= Going Great =

1980s Canadian television series

Going Great is a Canadian newsmagazine type show that originally aired on CBC and premiered in the United States on Nickelodeon on October 1, 1983. Produced by Michael Maclear and hosted by Chris Makepeace, Going Great focused on kids of all ages who did very amazing feats in the world some people couldn't do. New episodes aired on Tuesdays and Thursdays until February 14, 1984 (39 episodes).

== History ==
Originally produced by CBC for 13 episodes, Nickelodeon was so impressed by the show that they ordered an additional 26 episodes, bringing the total number of episodes to 39. Going Great was one of Nickelodeon's lowest rated TV shows, receiving a 2 out of every 6 people watching it. Against the Odds is the lowest with 1 out of 6 people watching it.

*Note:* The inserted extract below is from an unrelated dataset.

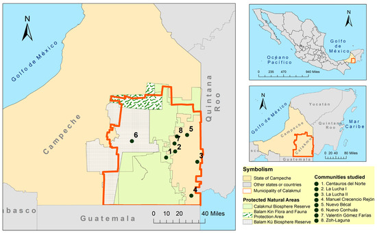Map of studied communities and Natural Protected Areas in the municipality of Calakmul, Mexico. Source: Karina Noemí Chale Silveira.

Going Great focused on being able to do amazing, extreme things. Kids were shown and asked about their bravery, and they always said: "I'm not brave". With help from Nickelodeon, kids were able to do great things, hence the name Going Great.

In 1984, Keanu Reeves was a correspondent for the show.

== Response ==
While Going Great focused on child prodigies, it left normal kids with low self-esteem when Nickelodeon took it to focus groups, with the common response being "Well, I'll never be that good so I won't try that."